--- Input Enclosed Below ---

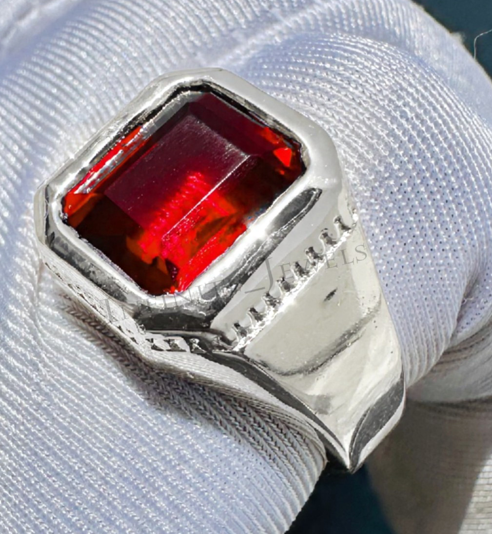 Men's Natural Red Garnet Gemstone Handmade Ring With 925 Sterling Silver Ring
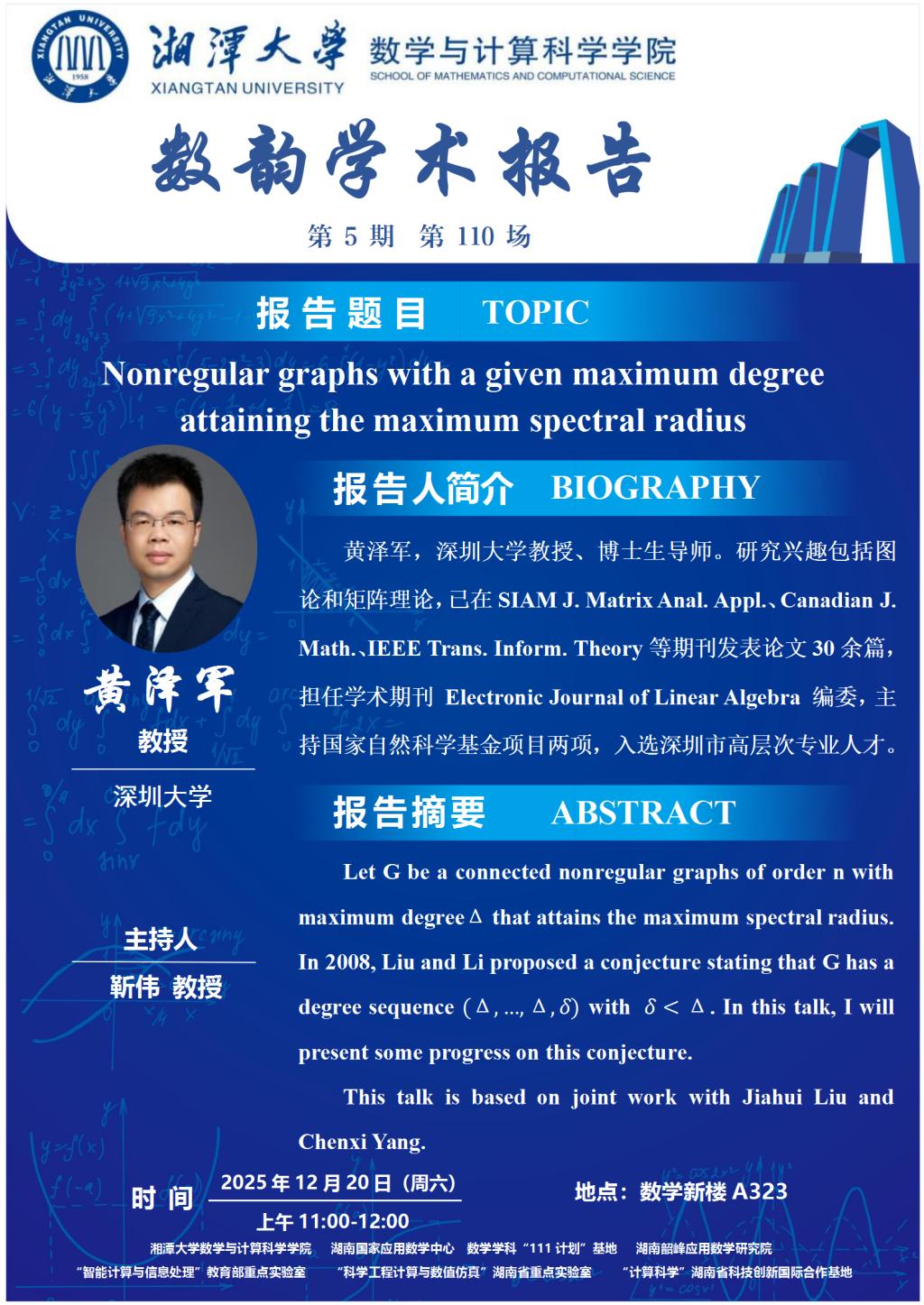 数韵学术报告-黄泽军-Nonregular graphs with a given maximum degree attaining the maximum spectral radius
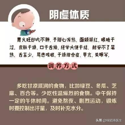 La plante des pieds est fiévreuse, le sommeil n'est pas réel et les troubles nerveux des plantes sont plus semblables à ces patients devraient avoir une alimentation équilibrée, manger plus de fruits et de légumes frais, augmenter la quantité d'exercice, comme le jogging, le tai chi sont mieux, Yin Yin déficience corps de feu note pour identifier les parties spécifiques de l'apparition de Yin déficience, tels que le cœur de Yin déficience, Yin déficience du foie, et ainsi de suite. N'oubliez pas de ne pas trop réfléchir, d'avoir une bonne alimentation et de bonnes habitudes de travail, de manger moins épicé, de ne pas vous coucher tard, de ne pas vous mettre en colère. Le corps souffrant d'une carence en Yang doit veiller à prévenir le froid et à se réchauffer, à ne pas se surmener et à ne pas consommer le yang faible. La stagnation alimentaire devrait être de trois repas à intervalles réguliers, pas trop pleins et affamés, pour protéger la rate et l'estomac est la clé pour résoudre la stagnation alimentaire.
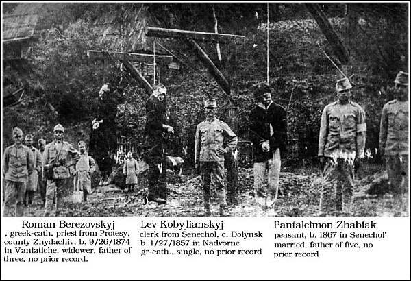 Для запугивания людей, в доказательство своей силы тюремные власти тут и там по всей талергофской площади повбивали столбы, на которых довольно часто висели в невысказанных мучениях и без того люто потрепанные мученики.
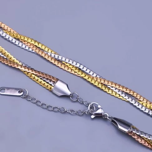 Krásný řetízek z chirurgické oceli, je pletený z řetízků tří barev ( ocelová, zlacená, zlacená golg rose)
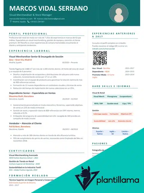 Entre estas plantillas, este modelo funciona muy bien si ya tienes experiencia en retail y quieres destacar resultados, objetivos de venta, atención personalizada y gestión de tienda.
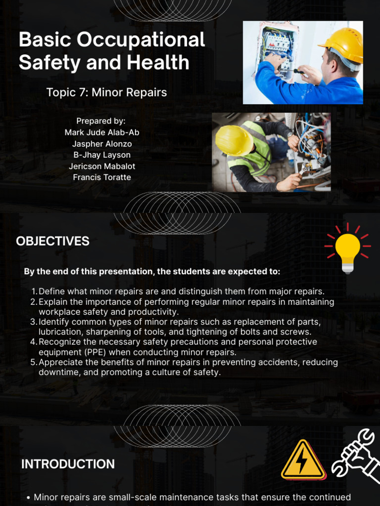 equipment (PPE) when conducting minor repairs.
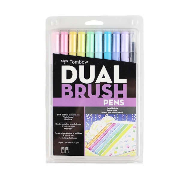 Set of 9 colors with colorless blender pen. Flexible brush tip and fine tip in one marker. Brush tip works like a paintbrush to create fine, medium or bold strokes; fine tip gives consistent lines. Dual Brush Pens are ideal for artists and crafters. The water-based ink is blendable and the resilient nylon brush retains its point stroke after stroke. Colors Included: 761 Carnation, 723 Pink, 991 Light Ochre, 062 Pale Yellow, 243 Mint, 451 Sky Blue, 452 Process Blue, 553 Mist Purple, 620 Lilac, N00 Colorless Blender
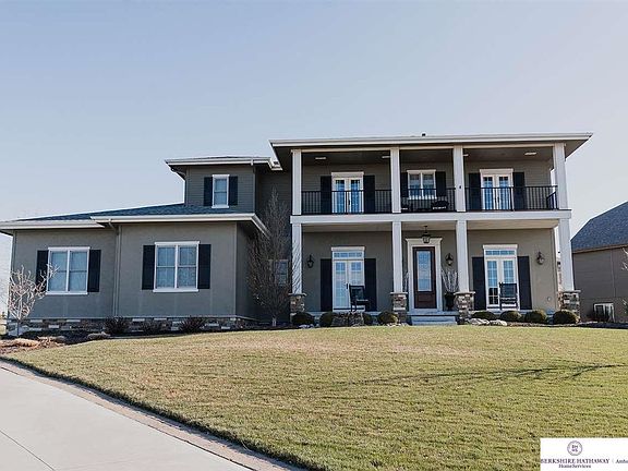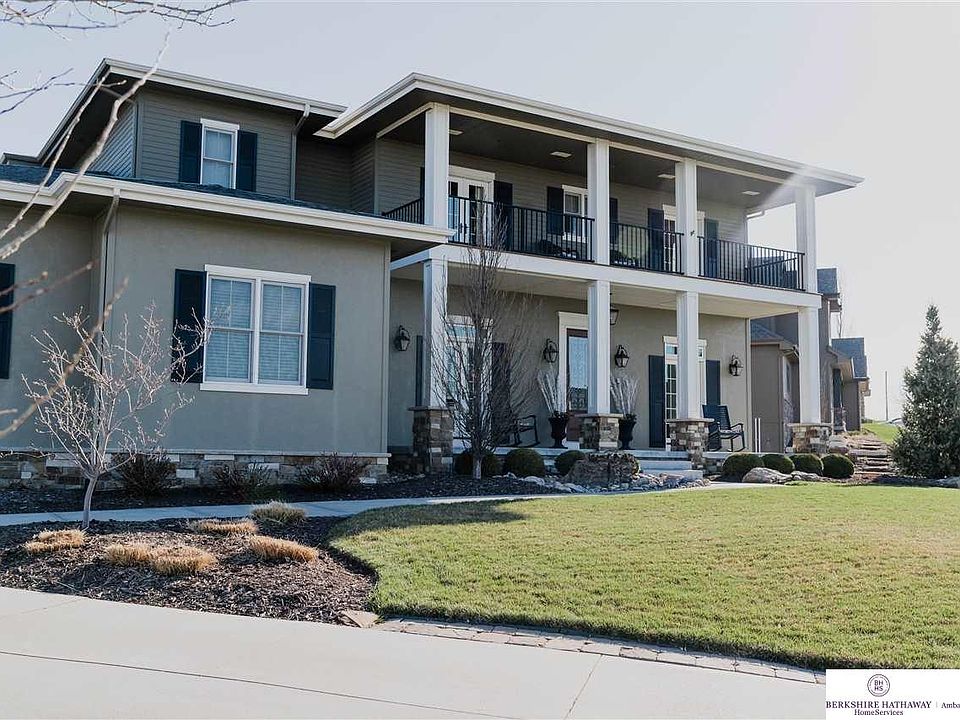 Looking for character but hard to find in Elkhorn school district? One of a kind detailed stunning New Orleans inspired home that has fresh, transitional, high end features throughout. Gourmet kitchen features Jenn Air appliances, gas cooktop, cozy fireplace. Great room has 2 story coffered ceiling, fireplace, den off the great room w/bar & beverage refrigerator. Detail doesn't stop! Master suite has luxury finish, fireplace, large master closet, walk-in shower, dual vanities & tub. On-suite balcony access and charming claw foot soaker tub. Beautifully landscaped yard w/circle drive, pergola, patio, water feature & firepit. New roof and gutters in 2017, security system, sound system. Conveniently located by new Elkhorn grade school, walking distance to new neighborhood park, future new Elkhorn High School, shopping, restaurants and medical facilities.
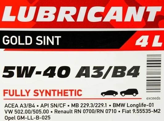 • ACEA класифікація: A3 / B4 (збільшений інтервал сервісної заміни).
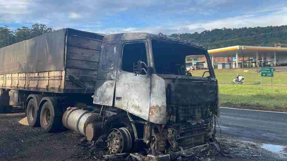 Caminhão foi destruído pelo fogo na tarde desta quarta-feira (1°), no quilômetro 40 da BR 153, em Santo Antônio da Platina.
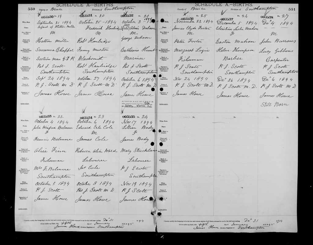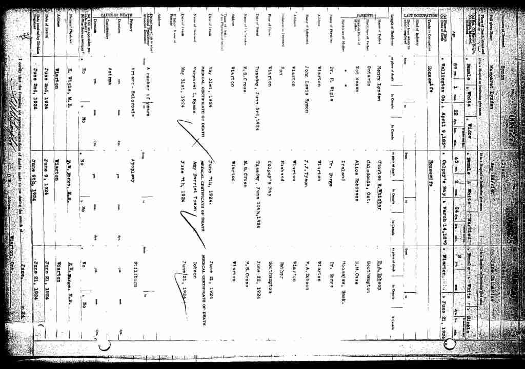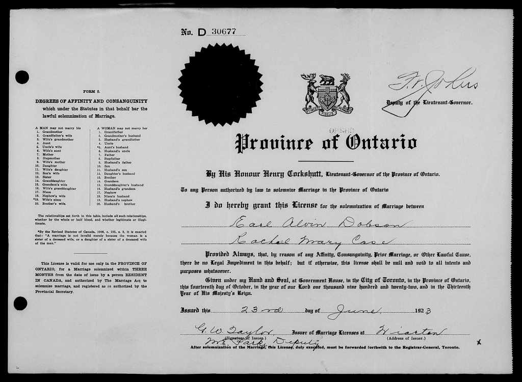 008281/23 (Bruce Co) Earl Alvin DOBSON, 28, civil servant, Southampton, Wiarton, s/o George T. DOBSON (b. Southampton Ont) & Catherine HUNT, married Rachel Mary CASE, 28, nurse, Moosejaw, Wiarton, d/o Joseph CASE (b. Blanchard Ont) & Hannah COLLISON, witn: J.C. CASE of Owen Sound & Leonard E. DOBSON of Wiarton, 27 June 1923, Wiarton
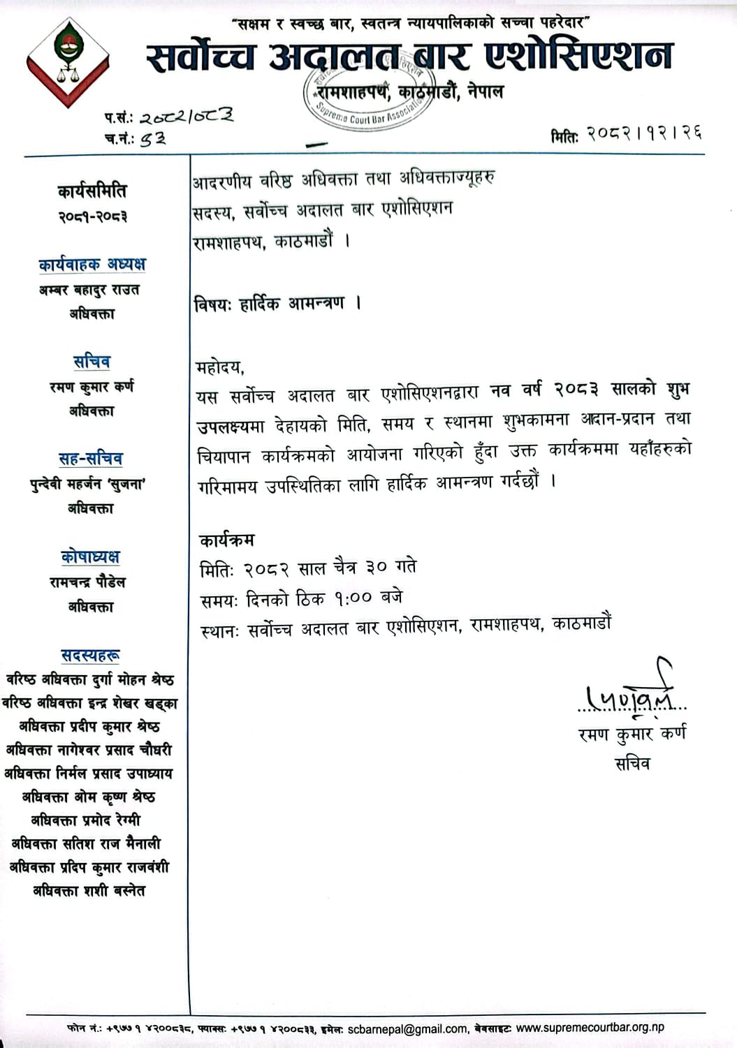 शुभकामना आदान-प्रदान तथा चियापान कार्यक्रम सम्बन्धमा (मितिः २०८२.१२.२६ गते)

--- End of Enclosed Input ---

Work task:
The entries are to be transcribed in full. Their pictures are not.

Task result:
 Men's Natural Red Garnet Gemstone Handmade Ring With 925 Sterling Silver Ring
 数韵学术报告-黄泽军-Nonregular graphs with a given maximum degree attaining the maximum spectral radius
 La plante des pieds est fiévreuse, le sommeil n'est pas réel et les troubles nerveux des plantes sont plus semblables à ces patients devraient avoir une alimentation équilibrée, manger plus de fruits et de légumes frais, augmenter la quantité d'exercice, comme le jogging, le tai chi sont mieux, Yin Yin déficience corps de feu note pour identifier les parties spécifiques de l'apparition de Yin déficience, tels que le cœur de Yin déficience, Yin déficience du foie, et ainsi de suite. N'oubliez pas de ne pas trop réfléchir, d'avoir une bonne alimentation et de bonnes habitudes de travail, de manger moins épicé, de ne pas vous coucher tard, de ne pas vous mettre en colère. Le corps souffrant d'une carence en Yang doit veiller à prévenir le froid et à se réchauffer, à ne pas se surmener et à ne pas consommer le yang faible. La stagnation alimentaire devrait être de trois repas à intervalles réguliers, pas trop pleins et affamés, pour protéger la rate et l'estomac est la clé pour résoudre la stagnation alimentaire.
 Для запугивания людей, в доказательство своей силы тюремные власти тут и там по всей талергофской площади повбивали столбы, на которых довольно часто висели в невысказанных мучениях и без того люто потрепанные мученики.
 Krásný řetízek z chirurgické oceli, je pletený z řetízků tří barev ( ocelová, zlacená, zlacená golg rose)
 Entre estas plantillas, este modelo funciona muy bien si ya tienes experiencia en retail y quieres destacar resultados, objetivos de venta, atención personalizada y gestión de tienda.
 equipment (PPE) when conducting minor repairs.
 Set of 9 colors with colorless blender pen. Flexible brush tip and fine tip in one marker. Brush tip works like a paintbrush to create fine, medium or bold strokes; fine tip gives consistent lines. Dual Brush Pens are ideal for artists and crafters. The water-based ink is blendable and the resilient nylon brush retains its point stroke after stroke. Colors Included: 761 Carnation, 723 Pink, 991 Light Ochre, 062 Pale Yellow, 243 Mint, 451 Sky Blue, 452 Process Blue, 553 Mist Purple, 620 Lilac, N00 Colorless Blender
 Looking for character but hard to find in Elkhorn school district? One of a kind detailed stunning New Orleans inspired home that has fresh, transitional, high end features throughout. Gourmet kitchen features Jenn Air appliances, gas cooktop, cozy fireplace. Great room has 2 story coffered ceiling, fireplace, den off the great room w/bar & beverage refrigerator. Detail doesn't stop! Master suite has luxury finish, fireplace, large master closet, walk-in shower, dual vanities & tub. On-suite balcony access and charming claw foot soaker tub. Beautifully landscaped yard w/circle drive, pergola, patio, water feature & firepit. New roof and gutters in 2017, security system, sound system. Conveniently located by new Elkhorn grade school, walking distance to new neighborhood park, future new Elkhorn High School, shopping, restaurants and medical facilities.
 • ACEA класифікація: A3 / B4 (збільшений інтервал сервісної заміни).
 Caminhão foi destruído pelo fogo na tarde desta quarta-feira (1°), no quilômetro 40 da BR 153, em Santo Antônio da Platina.
 008281/23 (Bruce Co) Earl Alvin DOBSON, 28, civil servant, Southampton, Wiarton, s/o George T. DOBSON (b. Southampton Ont) & Catherine HUNT, married Rachel Mary CASE, 28, nurse, Moosejaw, Wiarton, d/o Joseph CASE (b. Blanchard Ont) & Hannah COLLISON, witn: J.C. CASE of Owen Sound & Leonard E. DOBSON of Wiarton, 27 June 1923, Wiarton
 शुभकामना आदान-प्रदान तथा चियापान कार्यक्रम सम्बन्धमा (मितिः २०८२.१२.२६ गते)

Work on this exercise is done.